11. The computer-based product design system of claim 10, wherein the module configured for selecting a baseline set of design parameters for the product is further configured to receive identification of which design parameters have the largest effect on at least one of structural characteristics and costs associated with a potential design concept.

12. The computer-based product design system of claim 11, wherein the module configured for simulating a design model is further configured to base the parametrization of the design model on the design parameters identified as having the largest effect on at least one of structural characteristics and costs.

13. The computer-based product design system of claim 12, wherein the module configured for simulating a design model is further configured to base the parametrization of the design model on the design parameters identified as having the largest effect on both the structural characteristics and the costs.
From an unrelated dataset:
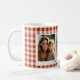 Custom 3 Photo Mug, Orange-Red Gingham Pattern Design - 6 colours.

14. The computer-based product design system of claim 10, wherein the baseline set of design parameters for a product includes one or more of a thickness of a plate or shell, a thickness of a coating, placement and size of holes, slots, or recesses, dimensions of a bend radius, dimensions of brackets or other attachment features, dimensions of bosses, dimensions of machined fillets, dimensions of welds or other joining features, and dimensions and locations of machined, molded, cast, or formed surface contours.
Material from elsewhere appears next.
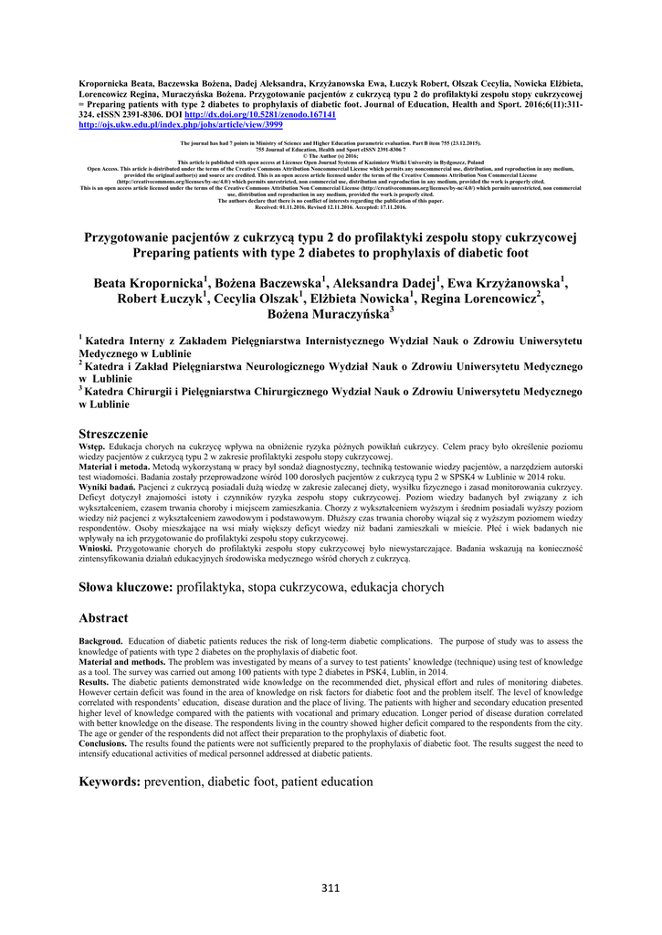 Kropornicka Beata, Baczewska Bożena, Dadej Aleksandra, Krzyżanowska Ewa, Łuczyk Robert, Olszak Cecylia, Nowicka Elżbieta, Lorencowicz Regina, Muraczyńska Bożena. Przygotowanie pacjentów z cukrzycą typu 2 do profilaktyki zespołu stopy cukrzycowej = Preparing patients with type 2 diabetes to prophylaxis of diabetic foot. Journal of Education, Health and Sport. 2016;6(11):311324. eISSN 2391-8306. DOI http://dx.doi.org/10.5281/zenodo.167141 http://ojs.ukw.edu.pl/index.php/johs/article/view/3999 The journal has had 7 points in Ministry of Science and Higher Education parametric evaluation. Part B item 755 (23.12.2015). 755 Journal of Education, Health and Sport eISSN 2391-8306 7 © The Author (s) 2016; This article is published with open access at Licensee Open Journal Systems of Kazimierz Wielki University in Bydgoszcz, Poland Open Access. This article is distributed under the terms of the Creative Commons Attribution Noncommercial License which permits any noncommercial use, distribution, and reproduction in any medium, provided the original author(s) and source are credited. This is an open access article licensed under the terms of the Creative Commons Attribution Non Commercial License (http://creativecommons.org/licenses/by-nc/4.0/) which permits unrestricted, non commercial use, distribution and reproduction in any medium, provided the work is properly cited. This is an open access article licensed under the terms of the Creative Commons Attribution Non Commercial License (http://creativecommons.org/licenses/by-nc/4.0/) which permits unrestricted, non commercial use, distribution and reproduction in any medium, provided the work is properly cited. The authors declare that there is no conflict of interests regarding the publication of this paper. Received: 01.11.2016. Revised 12.11.2016. Accepted: 17.11.2016. Przygotowanie pacjentów z cukrzycą typu 2 do profilaktyki zespołu stopy cukrzycowej Preparing patients with type 2 diabetes to prophylaxis of diabetic foot Beata Kropornicka1, Bożena Baczewska1, Aleksandra Dadej1, Ewa Krzyżanowska1, Robert Łuczyk1, Cecylia Olszak1, Elżbieta Nowicka1, Regina Lorencowicz2, Bożena Muraczyńska3 1 Katedra Interny z Zakładem Pielęgniarstwa Internistycznego Wydział Nauk o Zdrowiu Uniwersytetu Medycznego w Lublinie 2 Katedra i Zakład Pielęgniarstwa Neurologicznego Wydział Nauk o Zdrowiu Uniwersytetu Medycznego w Lublinie 3 Katedra Chirurgii i Pielęgniarstwa Chirurgicznego Wydział Nauk o Zdrowiu Uniwersytetu Medycznego w Lublinie Streszczenie Wstęp. Edukacja chorych na cukrzycę wpływa na obniżenie ryzyka późnych powikłań cukrzycy. Celem pracy było określenie poziomu wiedzy pacjentów z cukrzycą typu 2 w zakresie profilaktyki zespołu stopy cukrzycowej. Materiał i metoda. Metodą wykorzystaną w pracy był sondaż diagnostyczny, techniką testowanie wiedzy pacjentów, a narzędziem autorski test wiadomości. Badania zostały przeprowadzone wśród 100 dorosłych pacjentów z cukrzycą typu 2 w SPSK4 w Lublinie w 2014 roku. Wyniki badań. Pacjenci z cukrzycą posiadali dużą wiedzę w zakresie zalecanej diety, wysiłku fizycznego i zasad monitorowania cukrzycy. Deficyt dotyczył znajomości istoty i czynników ryzyka zespołu stopy cukrzycowej. Poziom wiedzy badanych był związany z ich wykształceniem, czasem trwania choroby i miejscem zamieszkania. Chorzy z wykształceniem wyższym i średnim posiadali wyższy poziom wiedzy niż pacjenci z wykształceniem zawodowym i podstawowym. Dłuższy czas trwania choroby wiązał się z wyższym poziomem wiedzy respondentów. Osoby mieszkające na wsi miały większy deficyt wiedzy niż badani zamieszkali w mieście. Płeć i wiek badanych nie wpływały na ich przygotowanie do profilaktyki zespołu stopy cukrzycowej. Wnioski. Przygotowanie chorych do profilaktyki zespołu stopy cukrzycowej było niewystarczające. Badania wskazują na konieczność zintensyfikowania działań edukacyjnych środowiska medycznego wśród chorych z cukrzycą. Słowa kluczowe: profilaktyka, stopa cukrzycowa, edukacja chorych Abstract Backgroud. Education of diabetic patients reduces the risk of long-term diabetic complications. The purpose of study was to assess the knowledge of patients with type 2 diabetes on the prophylaxis of diabetic foot. Material and methods. The problem was investigated by means of a survey to test patients’ knowledge (technique) using test of knowledge as a tool. The survey was carried out among 100 patients with type 2 diabetes in PSK4, Lublin, in 2014. Results. The diabetic patients demonstrated wide knowledge on the recommended diet, physical effort and rules of monitoring diabetes. However certain deficit was found in the area of knowledge on risk factors for diabetic foot and the problem itself. The level of knowledge correlated with respondents’ education, disease duration and the place of living. The patients with higher and secondary education presented higher level of knowledge compared with the patients with vocational and primary education. Longer period of disease duration correlated with better knowledge on the disease. The respondents living in the country showed higher deficit compared to the respondents from the city. The age or gender of the respondents did not affect their preparation to the prophylaxis of diabetic foot. Conclusions. The results found the patients were not sufficiently prepared to the prophylaxis of diabetic foot. The results suggest the need to intensify educational activities of medical personnel addressed at diabetic patients. Keywords: prevention, diabetic foot, patient education 311 Wstęp Cukrzyca uznawana jest za najczęściej występującą chorobę cywilizacyjną. Szacuje się, że do 2025 roku na cukrzycę chorować będzie 300 mln ludzi. W Polsce cukrzyca dotyka 4-5% społeczeństwa. Według badań epidemiologicznych prowadzonych w ostatnich latach, po 35 roku życia cukrzycę rozpoznaje się aż u 10% populacji. Częściej

15. The computer-based product design system of claim 10, wherein the module configured for simulating a design model includes one or more CAD applications configured for generating a parametrized 3D design model of a product being designed by the computer-based product design system.

16. The computer-based product design system of claim 10, wherein the computer-implemented framework is further configured to combine the results of performing the structural analysis and the results of performing the cost analysis by inputting the results from both the structural analysis and the cost analysis into a Multi-Objective Evolutionary Algorithm (MOEA).

17. The computer-based product design system of claim 16, wherein the computer-implemented framework is further configured to perform the structural analysis using at least some of the same design parameters as used when performing the cost analysis.

18. The computer-based product design system of claim 16, wherein the computer-implemented framework is further configured to perform the cost analysis using parameters additional to the design parameters used in performing the structural analysis.

19. A computer-readable medium for use on a computer system configured to perform product design, the computer-readable medium comprising computer-executable instructions for performing a method with at least one processor, wherein the method comprises:

selecting a baseline set of design parameters for a product derived from a plurality of potential design concepts;

simulating a design model based on a parametrization of the design model using at least some of the selected design parameters;

iteratively defining a plurality of variations of the simulated design model by simultaneously: performing a structural analysis of each successive variation of the simulated design model; performing a cost analysis of each successive variation of the simulated design model; and combining the results of performing the structural analysis and the cost analysis to arrive at a new variation of the simulated design model characterized by changes to both structural and cost parameters with respect to a previous variation of the simulated design model, wherein the changes move both the structural and cost parameters closer to target goals than in the previous variation, and obtaining a Pareto distribution of the plurality of variations of the simulated design model to arrive at a desired design concept for the product.

20. The computer-readable medium of claim 19, wherein the method further includes selecting the baseline set of design parameters from design parameters have the largest effect on at least one of structural characteristics and costs associated with a potential design concept.